== ACTION ITEM ==
Reproduce the listing below exactly. Pictures do not belong in the copy.

== DATA BELOW ==
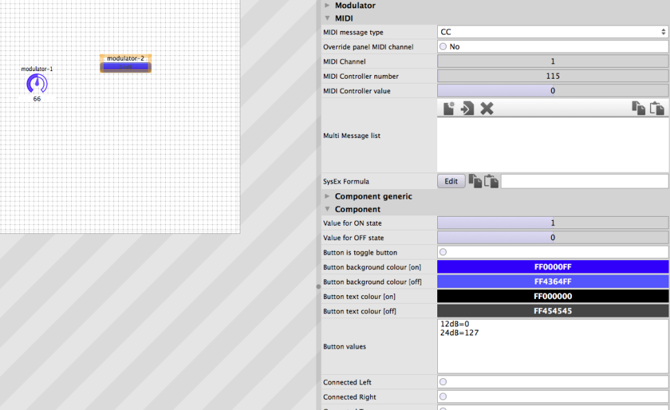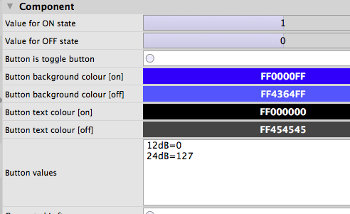 Für Knöpfe und Auswahlmenüs machen Schieberegler jedoch keinen Sinn, hier benötigen wir andere Werkzeuge. So lieferte der Schalter für die Filter-Flankensteilheit neben seiner CC-Nummer 15 die beiden Werte 0 und 127 (0 für 24dB und 127 für 12dB). Fügen Sie zum Steuern einen uiButton hinzu, stellen dessen Message type auf CC und tragen als Controller number 115 ein. Scrollen Sie zu Button values.
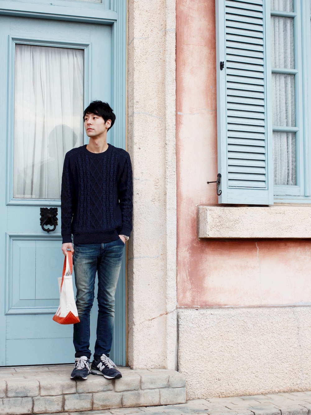 こういちのニット/セーター「ペーパーヤーンアランセーター」を使ったコーディネート
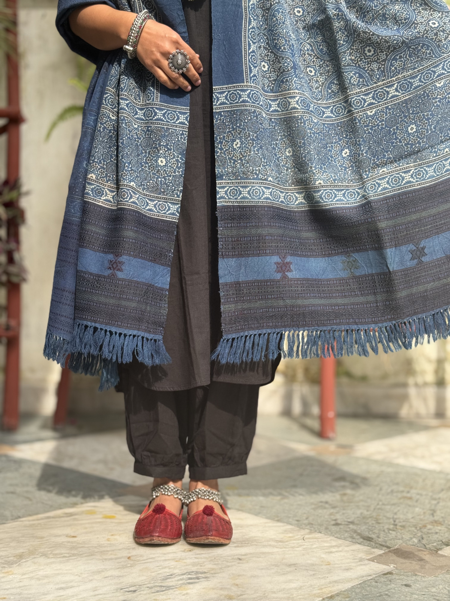 INDIGO PURE WOOL ajrakh hand dyed shaWL

== WRITTEN SOLUTION ==
 Für Knöpfe und Auswahlmenüs machen Schieberegler jedoch keinen Sinn, hier benötigen wir andere Werkzeuge. So lieferte der Schalter für die Filter-Flankensteilheit neben seiner CC-Nummer 15 die beiden Werte 0 und 127 (0 für 24dB und 127 für 12dB). Fügen Sie zum Steuern einen uiButton hinzu, stellen dessen Message type auf CC und tragen als Controller number 115 ein. Scrollen Sie zu Button values.
 こういちのニット/セーター「ペーパーヤーンアランセーター」を使ったコーディネート
 INDIGO PURE WOOL ajrakh hand dyed shaWL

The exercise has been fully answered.